Given the absolute value of a + 1 / 3 + the square of 2B + 1 + (C-2) under the root sign = 0, find the BC power of A It's 2B + 1 under the radical Given that a, B are rational numbers, and satisfy that under 5a-2b times the root sign, six is equal to the square of (root 3 + root 2), and find the 2014 power of (AB)
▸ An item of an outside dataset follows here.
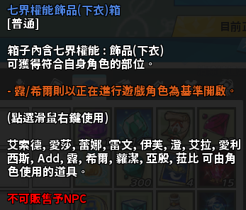 道具 七界權能 下衣飾品箱 共通 諾亞 莉緹亞 無法開啟

If the sum of three nonnegative numbers is zero, then they are zero respectively
A + 1 / 3 = 0, a = - 1 / 3
2B + 1 = 0, B = - 1 / 2
c-2=0,C=2
therefore
A ^ BC = (- 1 / 3) ^ - 1
=-3

Given the set a = {- A, A2, AB + 1} and B = {- 3} A3 ，a a. If the elements in 2B} are the same, find the values of real numbers a and B

It is known that a = {- A, a, AB + 1}, B = {- A, 1, 2b},
∵ the elements a and B are the same,
Qi
a＝1
AB + 1 = 2B or
a＝2b
ab+1＝1 ，
The solution
a＝1
B = 1 or
a＝0
B = 0 is not consistent with the meaning of the question, so it is omitted;
So the answer is: a = 1, B = 1

Given that the absolute value of a = 2, the absolute value of B = root 2, the angle between a and B is 45 degrees, and λ B-A is perpendicular to a, the value of real number λ is calculated

(λb-a)a=cos45× λ｜a｜｜b｜-a^2=√2/2×λ｜a｜｜b｜-｜a｜^2=0
λ=2

Absolute value a-2010 + Radix a-2011 = a, calculate the value of a-2010 square (is the square of 2010)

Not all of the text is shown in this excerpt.